Computing l-isogenies using the p-torsion

Abstract

Computing l-isogenies between elliptic curves defined over a finite field Fq of small characteristic is of some importance for the computation of the cardinalities of elliptic curves using Schoof-Atkin-Elkies method. In a previous publication [3] we showed that this could be achieved in O(l3+e) multiplications in \(\mathbb{F}_q \)using formal groups. This method has been implemented by Lercier and Morain who obtained spectacular results in this direction [7, 8]. Nevertheless, the use of formal groups seems to be a serious deterent both for man and machine to perform such a work.

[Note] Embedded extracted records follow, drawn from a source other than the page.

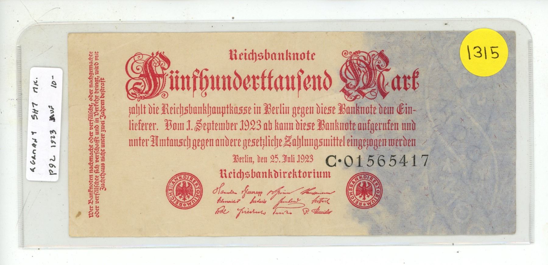 Germany – Weimar Republic. 1923 500,000 Mark. VF.
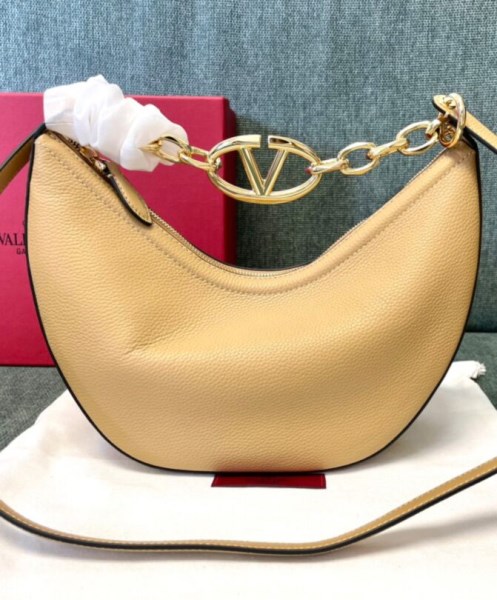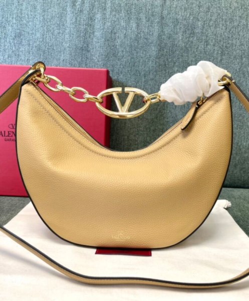 Be the first to review “Valentino Small Vlogo Moon Hobo Bag In Grainy Calfskin With Chain Apricot”
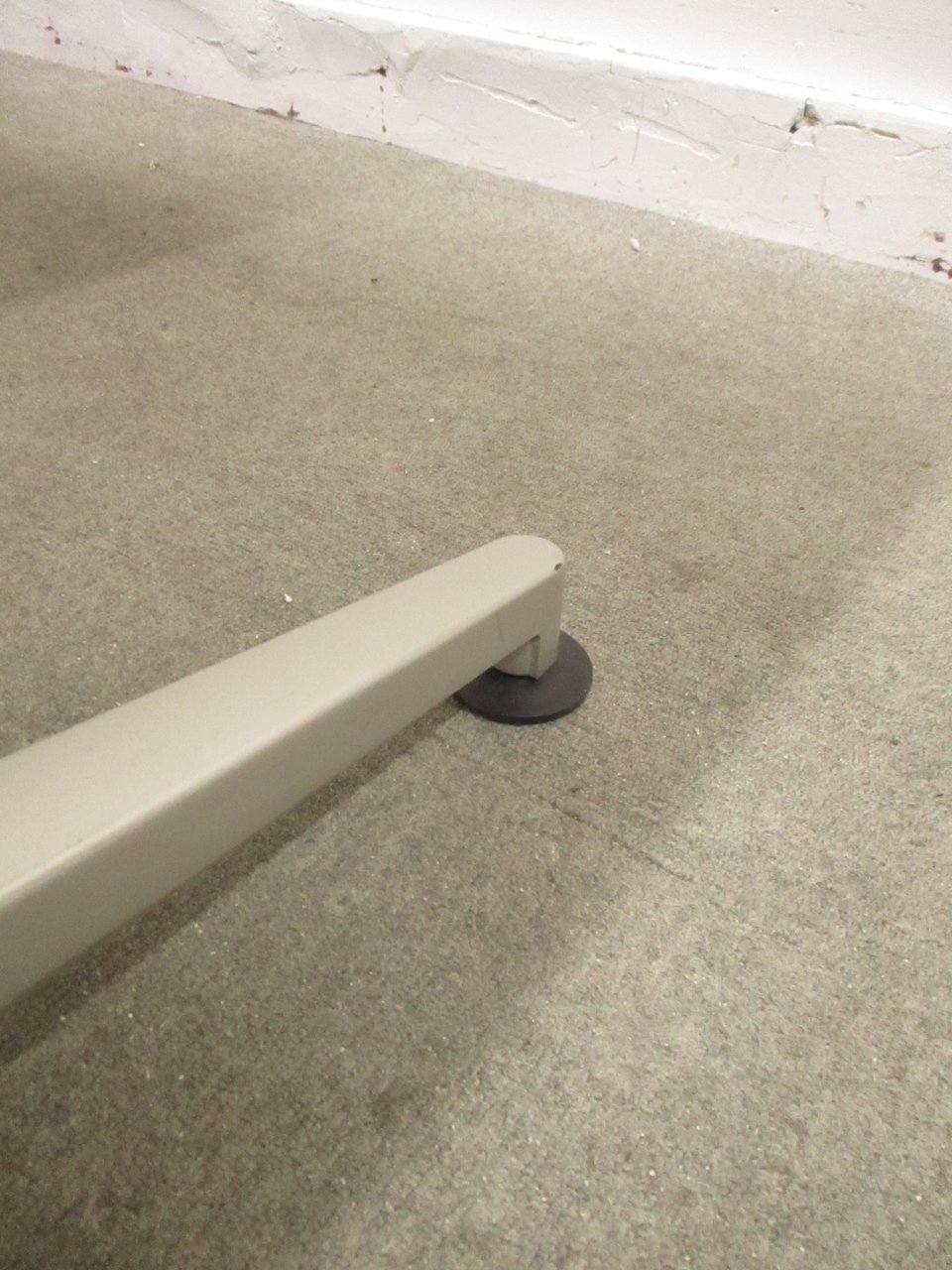- 一部不具合あり天板歪み、アジャスター無し、キャスター使用不可ようなそのテーブルの本来の効用を果たすための機能以外の一部が使用不可な状態。(例、キャスターロッ ク機能使用不可、棚板無し等がある。)

More recently Lercier proposed an algorithm specific for characteristic 2 that has the same assymptotic complexity but is faster by some significative constant factor. In this paper we propose a general algorithm which does not use formal groups. Instead we take advantage of the elementary Galois properties of the p-torsion. This algorithm has the same complexity as the previous ones if we don't use fast multiplication techniques. But, contrary to the previous methods, it allows the use of fast multiplication for polynomials and then turns out to run in O(l2+e) multiplications in the field \(\mathbb{F}_q \). Our algorithm has also the advantage that it is made exclusively of very classical routines in polynomial and elliptic curve arithmetic. Also one may expect that the implementation of this method should require less work than the previous ones thus bringing new people to this kind of calculation.